The next day the Crusaders attacked and soon overwhelmed the small body of defenders. The mercenaries, vicious desperados, and the knights, all eager for plunder, were ruthless. Many people fled to the churches for safety. Historian Oldenbourg, in the book The Massacre at Montségur, describes the outcome: “The doors of the churches were forced open . . . All inside were slaughtered wholesale—women, invalids, babies, and priests. . . . In a few short hours the wealthy city of Béziers was a city of bleeding mutilated corpses, and nothing else.” And this shocking display of brutality was done by men led by the papal legate, who triumphantly wrote to the pope: “Nearly twenty thousand of the citizens were put to the sword, regardless of age and sex.”

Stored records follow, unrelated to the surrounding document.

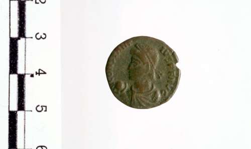 Busto diademato, drappeggiato e corazzato di Costanzo II a s. con globo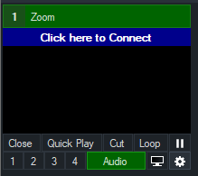 Once one or more Zoom inputs have been added (see Getting Started), setup the meeting for the inputs by clicking the Click here to Connect bar under one of the inputs.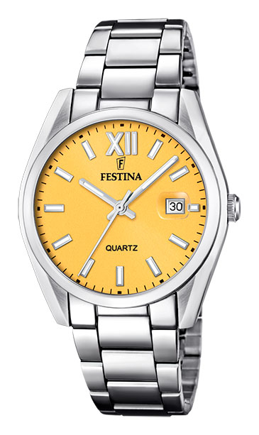 Den färgrika Festina Classic gents F20683/8 är ett klassiskt armbandsur för herrar med ett japanskt Miyota 2115-urverk och en färgglad urtavla, perfekt för att komplettera din vardagsoutfit. Klockan har en gul urtavla med prickar och tydliga linjeindex. Självlysande visare och index säkerställer att du kan läsa av tiden även i mörker. Boetten är 40 mm bred och 9 mm tjock, armbandet i rostfritt stål är 145 - 210 mm långt och 20,95 mm brett vid fästpunkten. Festina F20683/8 har en vattenresistensklassning på 50m/5atm, vilket innebär att den har begränsad vattenresistens (simning rekommenderas inte).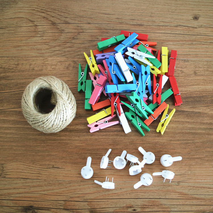 Creative photo clip color small wooden clip photo wall wooden clip hemp rope set diy photo clip

Did this “thick stick” get results? Hundreds of Cathars and Waldensians were burned at the stake, but by 1229, after twenty years of war and misery, the heretical groups were still well supported in Languedoc.

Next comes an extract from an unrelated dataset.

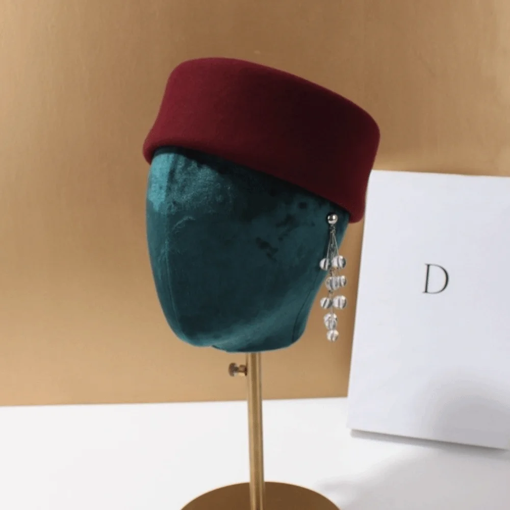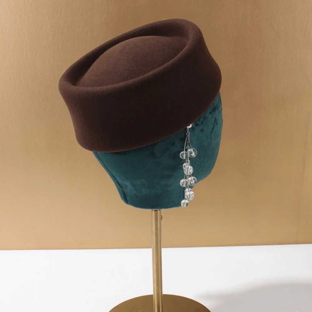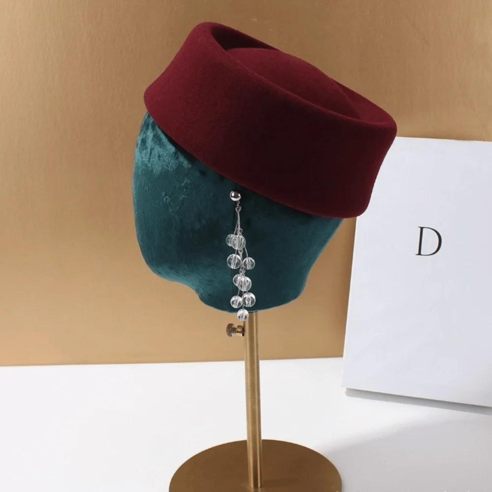 –Adopting the silhouette of an air hostess hat, this hat combines classic structured details with soft wool texture. It balances elegance and comfort, and is suitable for both daily wear and special occasions.

In 1233 two Dominicans were given special powers as Inquisitors. Their method was to announce a “period of grace” during which heretics or sympathizers could come and confess. But to prove their “conversion” they had to denounce others. This crafty scheme, backed by the fear of torture or the stake, caused many to collaborate. Denunciations snowballed and set off a reign of terror. In just one place, Moissac, 210 heretics were burned alive in a monstrous holocaust. The Holy Inquisition succeeded in suppressing the Cathars. The Waldensians still survive.
A few centuries later the fair country of France was convulsed with the struggle between the Church and the Reformation. In England, when King Henry VIII proclaimed himself head of the Church of England in 1534, those Catholics who refused to be converted to his new politico-religious system were in great danger. “The creed of the king” still had to be “the creed of the people.”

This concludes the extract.